**Task statement**. The copy you give must match the listing below exactly and contain no pictures.

**Data excerpt**.
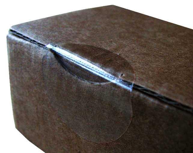 Односторонние клейкие наклейки используются в качестве защитной пломбы или закрывающего вида фольги и бумажных упаковок. Клейкий круг помещается на разрезанную силиконовую бумагу, что позволяет удобно отрывать форму от поверхности.
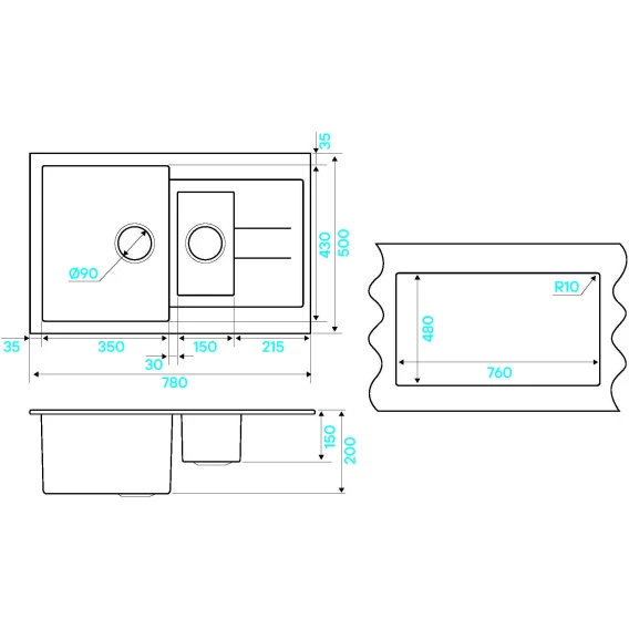 Кухонная мойка KuchenStern a-Granit Plat 50 206BL20 78x50 см, черный
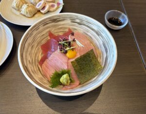 メインの料理が海鮮丼で、マグロが厚くて美味しかったです!

**Output for this task**.
 Односторонние клейкие наклейки используются в качестве защитной пломбы или закрывающего вида фольги и бумажных упаковок. Клейкий круг помещается на разрезанную силиконовую бумагу, что позволяет удобно отрывать форму от поверхности.
 Кухонная мойка KuchenStern a-Granit Plat 50 206BL20 78x50 см, черный
 メインの料理が海鮮丼で、マグロが厚くて美味しかったです!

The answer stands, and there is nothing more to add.